Mitarbeitergespräch als Motivation

Gerade in Krisenzeiten kann ein Mitarbeitergespräch auch eine stabilisierende Wirkung haben. "So zeigt die Führungskraft, dass sie transparent ist und ergebnisorientiert mit den Mitarbeitern in die Zukunft geht", sagt Experte Fischer.

 

Grundsätzlich sollte das Mitarbeitergespräch vom Chef ausgehen. Ein Lob für positive Leistungen gibt es viel zu selten. Dabei ist es enorm wichtig, dass der Vorgesetzte dem Mitarbeiter zeigt, wie er sich dessen Soll-Leistung vorstellt. "Man muss dabei möglichst exakt loben, was derjenige besonders gut gemacht hat", sagt Teuber. Ein einfaches "Gut gemacht, Herr/Frau XY" reiche da nicht. Der Chef solle hervorheben, was Herr/Frau XY gut gemacht hat. "So weiß der Mitarbeiter genau, wie er sich zu verhalten hat", sagt Teuber. 

 

Ablauf des Feedbackgesprächs

Der Vorgesetzte sollte das Gespräch nie mit Kritik beginnen. Der Mitarbeiter muss behutsam an die Thematik herangeführt werden.

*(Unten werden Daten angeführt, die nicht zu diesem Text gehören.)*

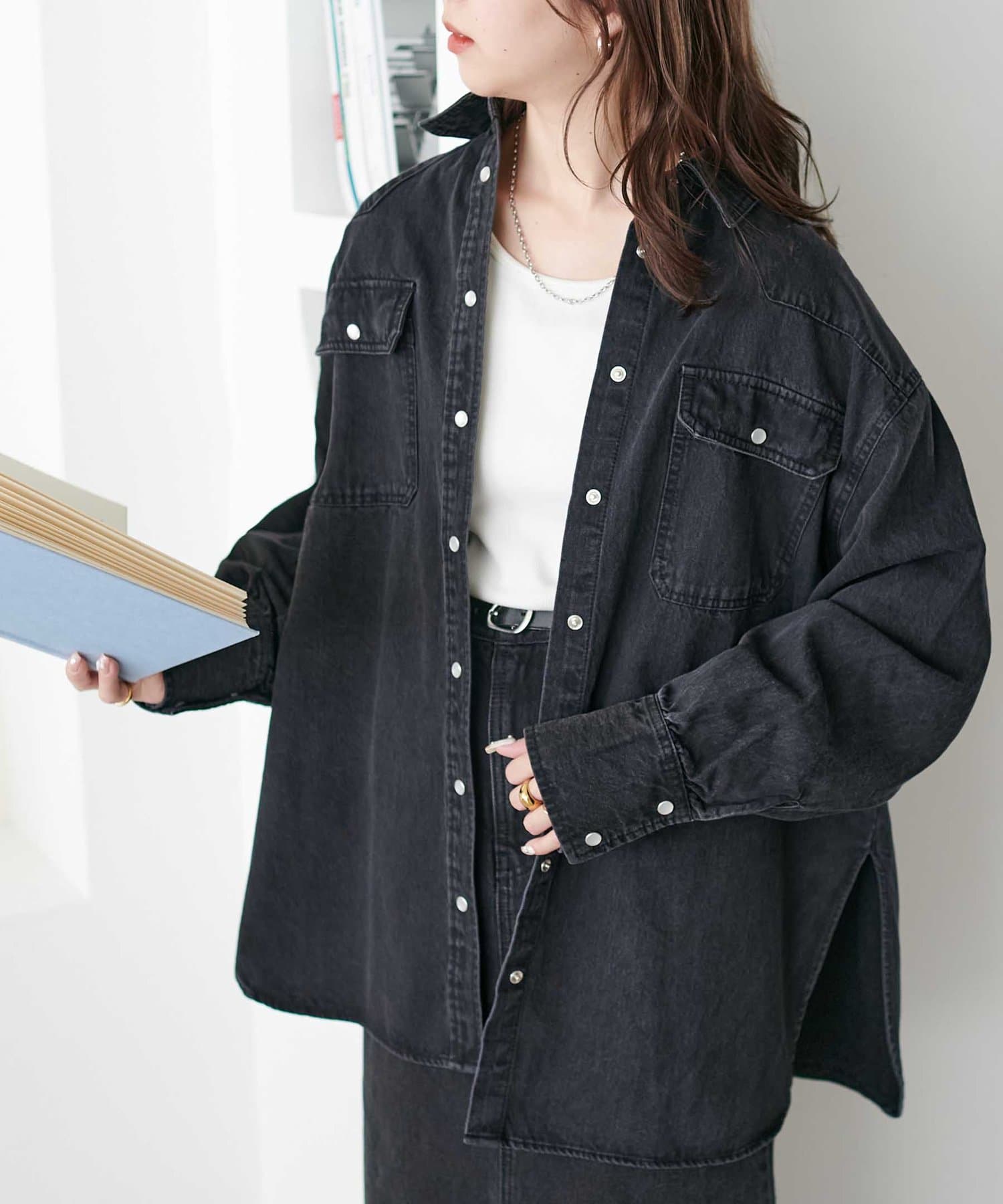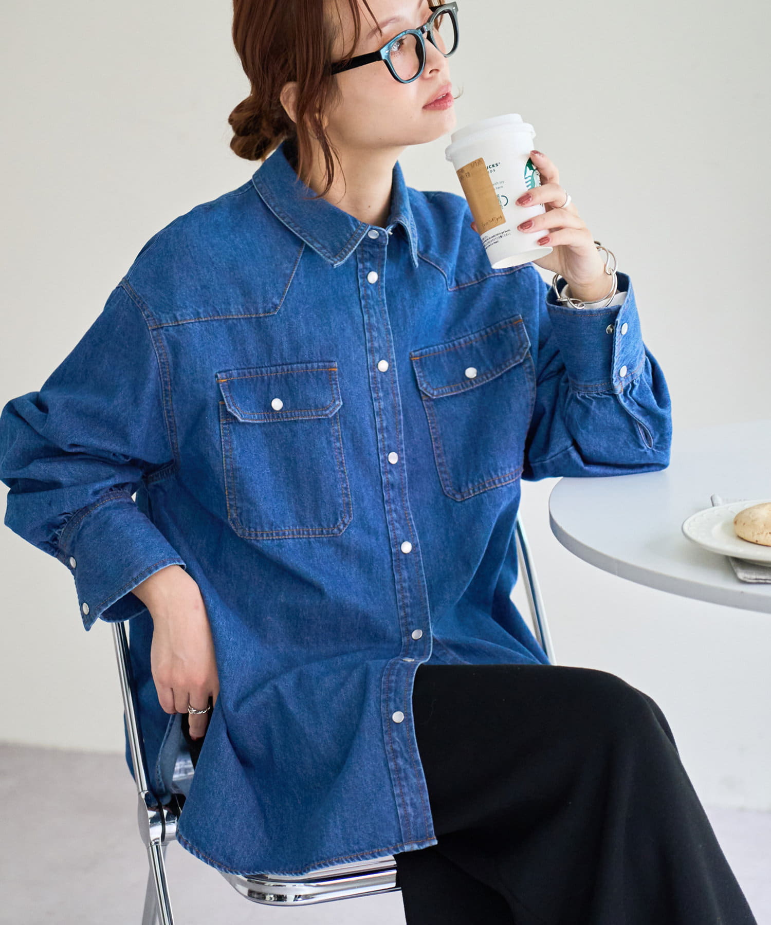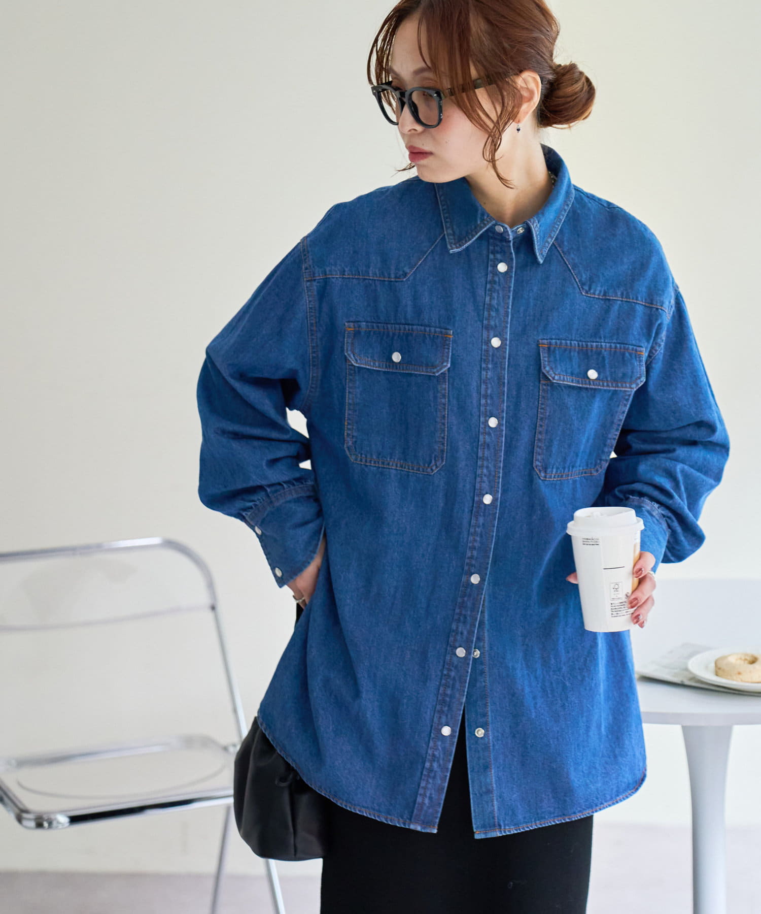 166cmスタッフ:開けても閉じても様になる着回し力抜群のデニムシャツ!

Die Unterhaltung sollte mit einer positiven Rückmeldung beginnen. Einige Betriebe praktizieren auch die sogenannte Sandwich-Technik. Also eine kritische Bemerkung, die in zwei Schmeicheleien verpackt wird.

 

Die Gesprächsthemen müssen immer überschaubar bleiben. „Man sollte nie mehr als drei Punkte behandeln", sagt Experte Schulz. Schließlich müsse der Arbeitnehmer die Informationen ja auch verarbeiten können. Nach dem Gespräch sollte der Chef immer nachfragen, wie es dem Mitarbeiter nun mit dieser Rückmeldung geht und ihm die Möglichkeit geben, dazu Stellung zu beziehen und seine Gedanken mitzuteilen. "Man muss Anteilnahme und Einfühlungsvermögen leben und zeigen. Der Angestellte darf nicht alleine mit der Kritik gelassen werden", sagt Schulz.

 

Konkrete Zielvereinbarungen treffen

Am Ende eines Mitarbeitergesprächs muss immer der Blick in die Zukunft stehen. Die Gesprächsteilnehmer müssen sich fragen, wie sie nun mit den erarbeiteten Informationen umgehen und was künftig anders laufen muss. Dabei kann als Teil des Gesprächs eine Zielvereinbarung zwischen Vorgesetztem und Mitarbeiter hilfreich sein. Hier gilt: Je konkreter die Ziele formuliert werden, desto besser lassen sich Erfolg oder Misserfolg künftig messen. Es ist sinnvoll, die Zielvereinbarungen schriftlich festzuhalten. So können sie beim nächsten Mitarbeitergespräch konkret angesprochen und beurteilt werden.